------ Data

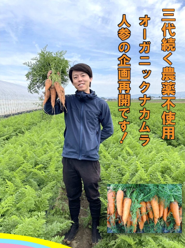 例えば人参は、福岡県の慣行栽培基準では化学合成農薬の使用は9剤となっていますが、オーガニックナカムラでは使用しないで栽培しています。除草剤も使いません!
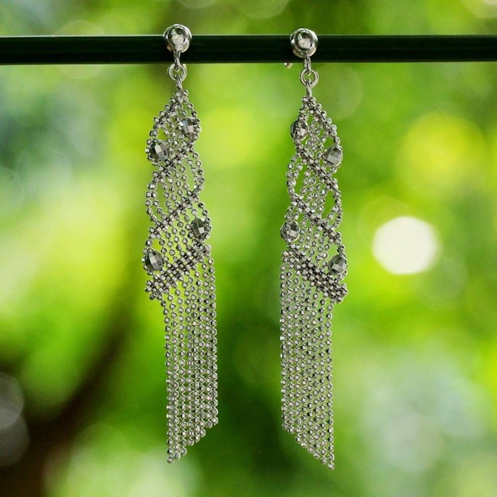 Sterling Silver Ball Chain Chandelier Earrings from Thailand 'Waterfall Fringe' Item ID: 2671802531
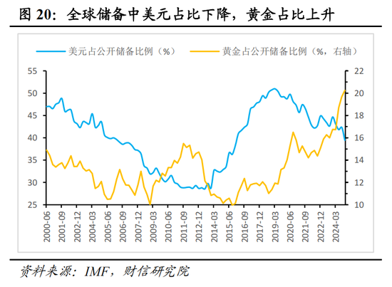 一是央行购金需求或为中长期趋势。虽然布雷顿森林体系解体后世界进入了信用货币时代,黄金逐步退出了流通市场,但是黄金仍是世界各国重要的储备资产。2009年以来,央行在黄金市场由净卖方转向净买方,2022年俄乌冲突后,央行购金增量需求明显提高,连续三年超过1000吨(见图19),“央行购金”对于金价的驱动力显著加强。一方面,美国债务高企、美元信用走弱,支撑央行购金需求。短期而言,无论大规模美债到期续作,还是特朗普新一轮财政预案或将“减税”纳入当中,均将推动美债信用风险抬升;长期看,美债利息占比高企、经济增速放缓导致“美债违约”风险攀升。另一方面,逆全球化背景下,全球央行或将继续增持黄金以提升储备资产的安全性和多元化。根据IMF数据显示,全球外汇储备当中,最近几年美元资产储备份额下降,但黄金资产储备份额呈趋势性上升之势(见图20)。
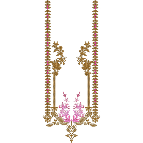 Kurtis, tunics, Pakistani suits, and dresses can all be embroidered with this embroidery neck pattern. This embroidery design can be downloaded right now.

------------
------ Data

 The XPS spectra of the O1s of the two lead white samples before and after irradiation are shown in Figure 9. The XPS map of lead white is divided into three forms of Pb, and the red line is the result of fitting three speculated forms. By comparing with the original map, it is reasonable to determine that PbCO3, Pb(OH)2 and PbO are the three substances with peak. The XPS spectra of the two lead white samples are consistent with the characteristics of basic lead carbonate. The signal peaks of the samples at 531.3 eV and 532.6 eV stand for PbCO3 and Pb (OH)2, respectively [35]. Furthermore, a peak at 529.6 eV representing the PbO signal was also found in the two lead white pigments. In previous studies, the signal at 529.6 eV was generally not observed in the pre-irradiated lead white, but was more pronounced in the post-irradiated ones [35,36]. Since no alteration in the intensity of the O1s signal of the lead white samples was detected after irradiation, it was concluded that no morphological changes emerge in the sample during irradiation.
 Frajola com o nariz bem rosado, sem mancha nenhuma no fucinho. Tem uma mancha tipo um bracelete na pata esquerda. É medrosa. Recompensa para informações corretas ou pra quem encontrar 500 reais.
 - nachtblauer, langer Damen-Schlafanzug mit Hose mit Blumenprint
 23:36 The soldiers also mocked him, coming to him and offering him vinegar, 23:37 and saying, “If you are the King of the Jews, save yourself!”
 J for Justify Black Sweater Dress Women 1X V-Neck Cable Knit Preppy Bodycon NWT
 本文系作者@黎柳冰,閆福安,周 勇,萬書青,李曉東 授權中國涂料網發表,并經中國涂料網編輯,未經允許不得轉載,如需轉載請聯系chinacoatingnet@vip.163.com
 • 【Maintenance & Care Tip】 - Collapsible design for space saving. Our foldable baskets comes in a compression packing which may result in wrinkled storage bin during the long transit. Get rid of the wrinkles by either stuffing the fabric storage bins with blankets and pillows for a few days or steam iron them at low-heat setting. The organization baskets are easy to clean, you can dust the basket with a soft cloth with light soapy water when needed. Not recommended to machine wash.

------------

**What the task requires**.
Among the lines above, repeat exactly those from the line with "23:36 The soldiers" to the line with "to machine wash.", counting both ends.

**Exercise answer**.
 23:36 The soldiers also mocked him, coming to him and offering him vinegar, 23:37 and saying, “If you are the King of the Jews, save yourself!”
 J for Justify Black Sweater Dress Women 1X V-Neck Cable Knit Preppy Bodycon NWT
 本文系作者@黎柳冰,閆福安,周 勇,萬書青,李曉東 授權中國涂料網發表,并經中國涂料網編輯,未經允許不得轉載,如需轉載請聯系chinacoatingnet@vip.163.com
 • 【Maintenance & Care Tip】 - Collapsible design for space saving. Our foldable baskets comes in a compression packing which may result in wrinkled storage bin during the long transit. Get rid of the wrinkles by either stuffing the fabric storage bins with blankets and pillows for a few days or steam iron them at low-heat setting. The organization baskets are easy to clean, you can dust the basket with a soft cloth with light soapy water when needed. Not recommended to machine wash.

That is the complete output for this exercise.